In order to show the convergence of WGAN part, we plotted the estimated Wasserstein values defined as | − 𝔼[D(x)] + 𝔼[D(G(z))]| in Eq. (3). It can be observed in Fig. 4(c) that increasing the number of epochs did reduce the W-distance, although the decay rate becomes smaller. For the WGAN-VGG curve, the introduction of VGG loss has helped to improve the perception/visibility at a cost of a compromised loss measure.
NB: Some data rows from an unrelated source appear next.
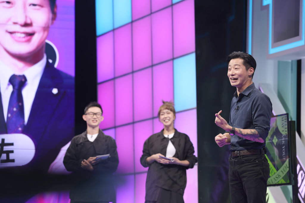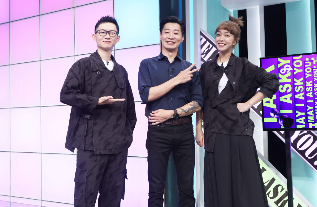 ▲ 立委林昶佐(右),也是閃靈樂團主唱Freddy上大霈、視網膜(中、左)主持公視訪談節目《哈囉!你給問嗎?》節目 大談女兒趣事。(圖:公視)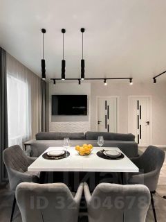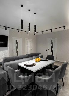 Вся квартира оборудована техникой для комфортного проживания: два телевизора (55 и 65 дюймов), стиральная и сушильная машинки, встроенная микроволновая печь, духовка, холодильник, варочная панель, вытяжка и посудомоечная машинка на 60.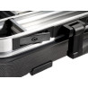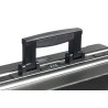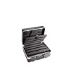 Mallette à outils en matériau plastique ABS très robuste. Un cadre en aluminium robuste et un rebord de protection au niveau des arêtes protègent la mallette ainsi que les outils qu'elle contient. 2 verrous à bascule et un verrou à code B&W PROFIcode offrent un niveau de sécurité supérieur. 4 patins en caoutchouc permettent de ne pas abîmer la mallette et de lui offrir une meilleure stabilité au sol. Une poignée robuste et agréable à prendre en main vous offre le confort nécessaire pendant le transport de la mallette. Sa coque inférieure est réglable à l'aide de barres en aluminium (2 barres de séparation en alu, 4 embouts d'extremité, 2 embouts centraux). La "Flex Loops" est dotée d'un panneau porte-outils amovible dans sa coque supérieure avec des sangles élastiques sur ses faces avant et arrière et d'un panneau de recouvrement amovible dans la coque inférieure avec sangles élastiques.

For the WGAN and WGAN-MSE curves, we would like to note that what we computed is a surrogate for the W-distance which has not been normalized by the total number of pixels, and if we had done such a normalization the curves would have gone down closely to zero after 100 epochs.
D. Denoising Results
To show the denoising effect of the selected networks, we took two representative slices as shown in Figs. 5 and 7. And Figs. 6 and 8 are the zoomed regions-of-interest (ROIs) marked by the red rectangles in Figs. 5 and 7. All the networks demonstrated certain denoising capabilities. However, CNN-MSE blurred the images and introduced waxy artifacts as expected, which are easily observed in the zoomed ROIs in Figs. 6e and 8e. WGAN-MSE was able to improve the result of CNN-MSE by avoiding over-smooth but minor streak artifacts can still be observed especially compared to CNN-VGG and WGAN-VGG. Meanwhile, using WGAN or GAN alone generated stronger noise (Figs. 6g and 8g) than the other networks enhanced a few white structures in the WGAN/GAN generated images, which are originated from the low dose streak artifact in LDCT images, while on the contrary the CNN-VGG and WGAN-VGG images are visually more similar to the NDCT images. This is because the VGG loss used in CNN-VGG and WGAN-VGG is computed in a feature space that is trained previously on a very large natural image dataset [48]. By using VGG loss, we transferred the knowledge of human perception that is embedded in VGG network to CT image quality evaluation. The performance of using WGAN or GAN alone is not acceptable because it only maps the data distribution from LDCT to NDCT but does not guarantee the image content correspondence. As for the lesion detection in these two slices, all the networks enhance the lesion visibility compared to the original noisy low dose FBP images as noise is reduced by the different approaches.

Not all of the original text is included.